3.1. Run on Databricks Community Cloud¶

If you don’t have any experience with Linux or Unix operator system, I would love to recommend you to use Spark on Databricks Community Cloud. Since you do not need to setup the Spark and it’s totally free for Community Edition. Please follow the steps listed below.

Sign up a account at: https://community.cloud.databricks.com/login.html

Sign in with your account, then you can creat your cluster(machine), table(dataset) and notebook(code).

Create your cluster where your code will run

Import your dataset

Note

You need to save the path which appears at Uploaded to DBFS: /FileStore/tables/05rmhuqv1489687378010/. Since we will use this path to load the dataset.

Create your notebook

After finishing the above 5 steps, you are ready to run your Spark code on Databricks Community Cloud. I will run all the following demos on Databricks Community Cloud. Hopefully, when you run the demo code, you will get the following results:

+---+-----+-----+---------+-----+
|_c0|   TV|Radio|Newspaper|Sales|
+---+-----+-----+---------+-----+
|  1|230.1| 37.8|     69.2| 22.1|
|  2| 44.5| 39.3|     45.1| 10.4|
|  3| 17.2| 45.9|     69.3|  9.3|
|  4|151.5| 41.3|     58.5| 18.5|
|  5|180.8| 10.8|     58.4| 12.9|
+---+-----+-----+---------+-----+
only showing top 5 rows

root
 |-- _c0: integer (nullable = true)
 |-- TV: double (nullable = true)
 |-- Radio: double (nullable = true)
 |-- Newspaper: double (nullable = true)
 |-- Sales: double (nullable = true)

3.2. Configure Spark on Mac and Ubuntu¶

3.2.1. Installing Prerequisites¶

I will strongly recommend you to install Anaconda, since it contains most of the prerequisites and support multiple Operator Systems.

Install Python

Go to Ubuntu Software Center and follow the following steps:

Open Ubuntu Software Center

Search for python

And click Install

Or Open your terminal and using the following command:

sudo apt-get install build-essential checkinstall
sudo apt-get install libreadline-gplv2-dev libncursesw5-dev libssl-dev
                 libsqlite3-dev tk-dev libgdbm-dev libc6-dev libbz2-dev
sudo apt-get install python
sudo easy_install pip
sudo pip install ipython

3.2.2. Install Java¶

Java is used by many other softwares. So it is quite possible that you have already installed it. You can by using the following command in Command Prompt:

java -version

Otherwise, you can follow the steps in How do I install Java for my Mac? to install java on Mac and use the following command in Command Prompt to install on Ubuntu:

sudo apt-add-repository ppa:webupd8team/java
sudo apt-get update
sudo apt-get install oracle-java8-installer

3.2.3. Install Java SE Runtime Environment¶

I installed ORACLE Java JDK.

Warning

Installing Java and Java SE Runtime Environment steps are very important, since Spark is a domain-specific language written in Java.

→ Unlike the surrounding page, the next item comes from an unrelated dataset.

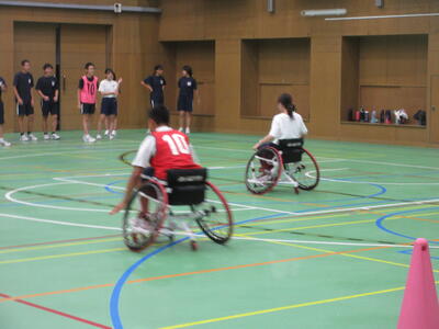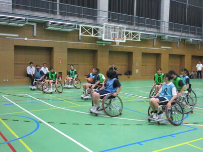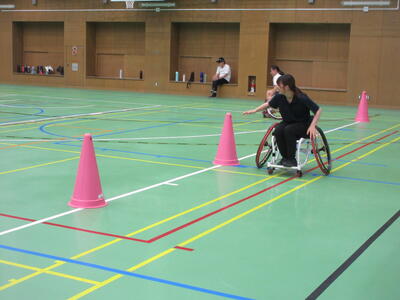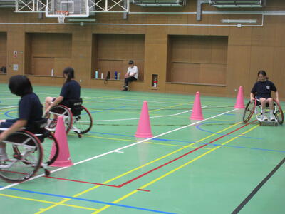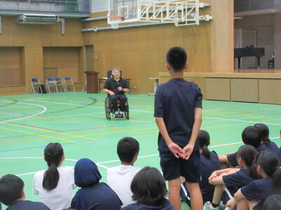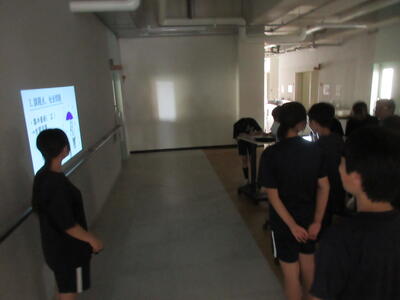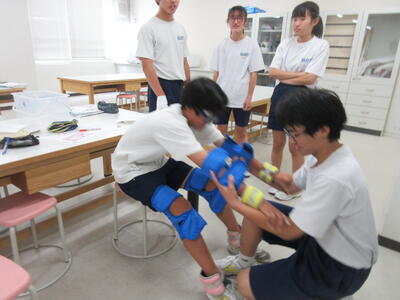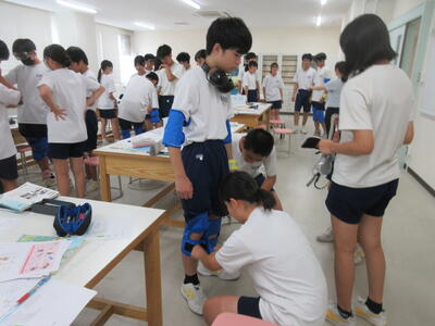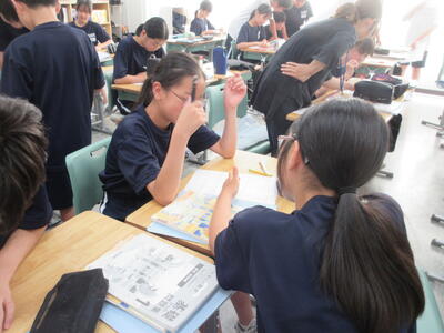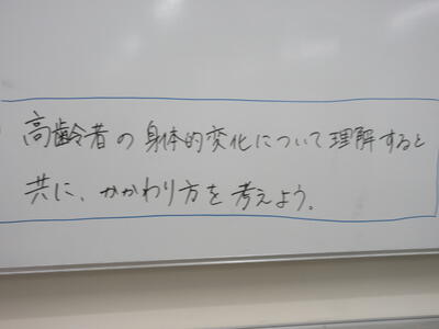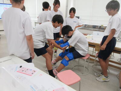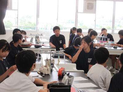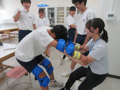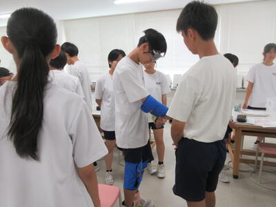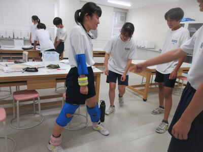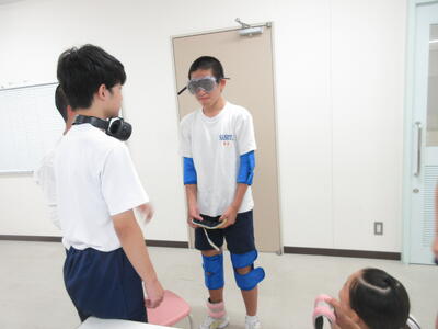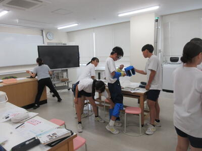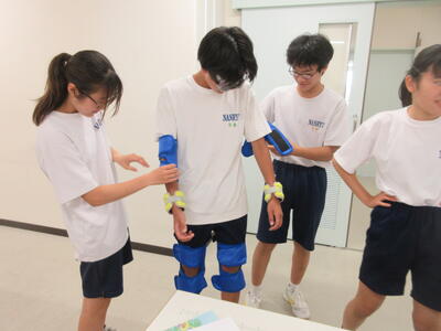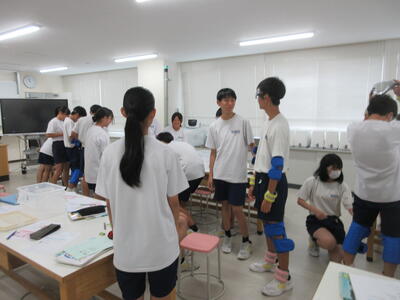 ▼被服室では3年生の家庭科の授業が行われています。「高齢者の身体的変化について理解すると共に、関わり方を考えよう」がテーマの授業。子ども達は高齢者の疑似体験を通して自らその大変さを実感していきます。また、周囲の子ども達もどう関わったら良いかを考える機会にもなっています。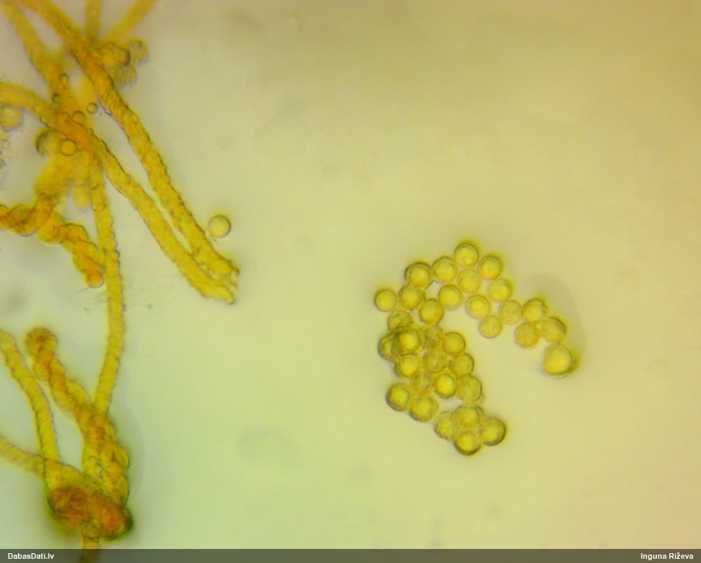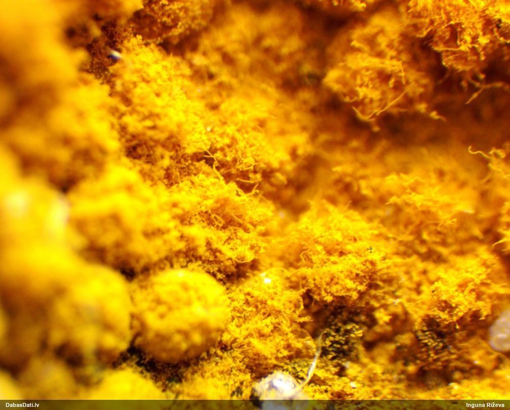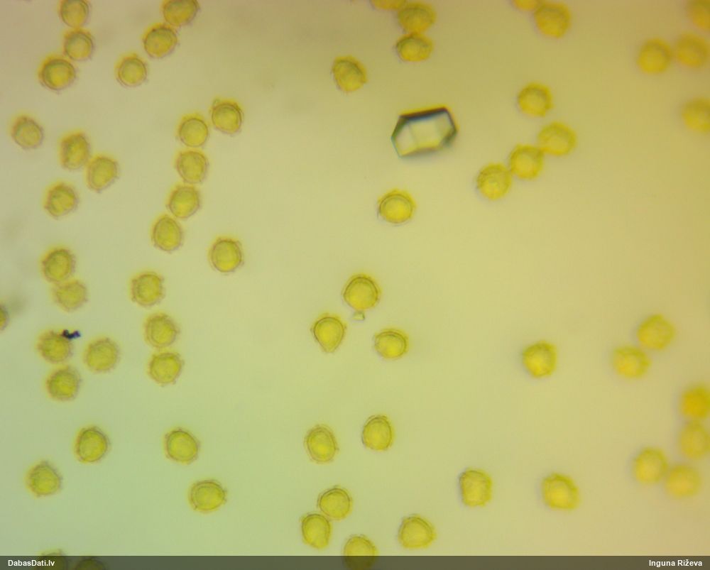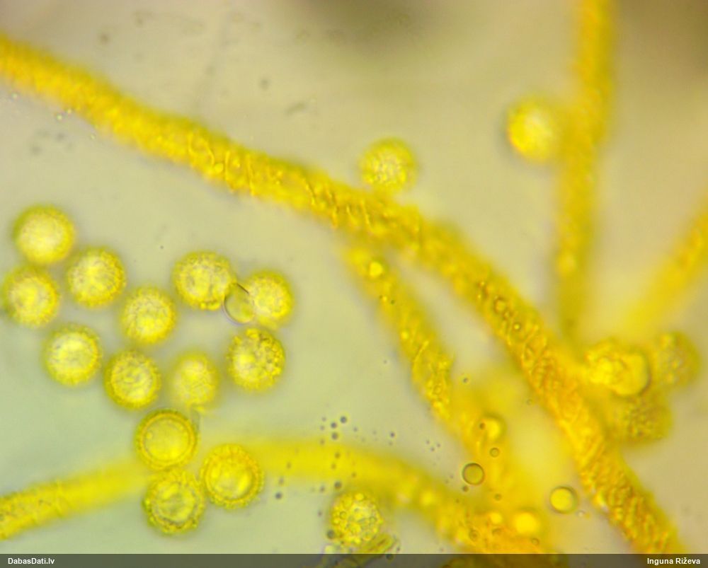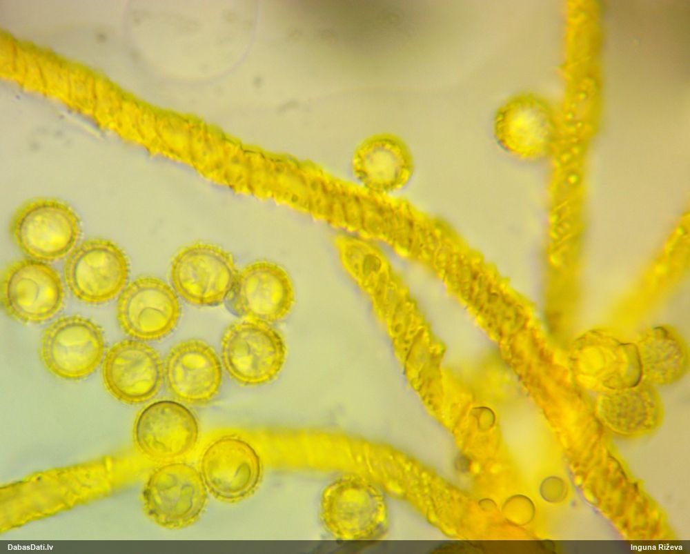 Ļoti ļoti labs atradums! Šo varētu likt aizsargājamo sugu sarakstā, jo pasaulē reti ziņota, Latvijā tikai izcilās vietās atrasta. Par laimi, paraugā bija arī nobrieduši eksemplāri, kam sporu mākonis knapi turējās klāt - un tā ir arī raksturīga sugas pazīme. Bet visuzskatāmākais te ir sporu virsmas raksts, tāpēc te svarīgi redzēt sporas vislielākajā palielinājumā.

You can check if your Java is available and find it’s version by using the following command in Command Prompt:

java -version

If your Java is installed successfully, you will get the similar results as follows:

java version "1.8.0_131"
Java(TM) SE Runtime Environment (build 1.8.0_131-b11)
Java HotSpot(TM) 64-Bit Server VM (build 25.131-b11, mixed mode)

3.2.4. Install Apache Spark¶

Actually, the Pre-build version doesn’t need installation. You can use it when you unpack it.

Download: You can get the Pre-built Apache Spark™ from Download Apache Spark™.
Unpack: Unpack the Apache Spark™ to the path where you want to install the Spark.
Test: Test the Prerequisites: change the direction spark-#.#.#-bin-hadoop#.#/bin and run

./pyspark

Python 2.7.13 |Anaconda 4.4.0 (x86_64)| (default, Dec 20 2016, 23:05:08)
[GCC 4.2.1 Compatible Apple LLVM 6.0 (clang-600.0.57)] on darwin
Type "help", "copyright", "credits" or "license" for more information.
Anaconda is brought to you by Continuum Analytics.
Please check out: http://continuum.io/thanks and https://anaconda.org
Using Spark's default log4j profile: org/apache/spark/log4j-defaults.properties
Setting default log level to "WARN".
To adjust logging level use sc.setLogLevel(newLevel). For SparkR,
use setLogLevel(newLevel).
17/08/30 13:30:12 WARN NativeCodeLoader: Unable to load native-hadoop
library for your platform... using builtin-java classes where applicable
17/08/30 13:30:17 WARN ObjectStore: Failed to get database global_temp,
returning NoSuchObjectException
Welcome to
       ____              __
      / __/__  ___ _____/ /__
     _\ \/ _ \/ _ `/ __/  '_/
    /__ / .__/\_,_/_/ /_/\_\   version 2.1.1
       /_/

Using Python version 2.7.13 (default, Dec 20 2016 23:05:08)
SparkSession available as 'spark'.

3.2.5. Configure the Spark¶

Mac Operator System: open your bash_profile in Terminal
vim ~/.bash_profile
And add the following lines to your bash_profile (remember to change the path)
# add for spark
export SPARK_HOME=your_spark_installation_path
export PATH=$PATH:$SPARK_HOME/bin:$SPARK_HOME/sbin
export PATH=$PATH:$SPARK_HOME/bin
export PYSPARK_DRIVER_PYTHON="jupyter"
export PYSPARK_DRIVER_PYTHON_OPTS="notebook"
At last, remember to source your bash_profile
source ~/.bash_profile
Ubuntu Operator Sysytem: open your bashrc in Terminal
vim ~/.bashrc
And add the following lines to your bashrc (remember to change the path)
# add for spark
export SPARK_HOME=your_spark_installation_path
export PATH=$PATH:$SPARK_HOME/bin:$SPARK_HOME/sbin
export PATH=$PATH:$SPARK_HOME/bin
export PYSPARK_DRIVE_PYTHON="jupyter"
export PYSPARK_DRIVE_PYTHON_OPTS="notebook"
At last, remember to source your bashrc
source ~/.bashrc

3.3. Configure Spark on Windows¶

Installing open source software on Windows is always a nightmare for me. Thanks for Deelesh Mandloi. You can follow the detailed procedures in the blog Getting Started with PySpark on Windows to install the Apache Spark™ on your Windows Operator System.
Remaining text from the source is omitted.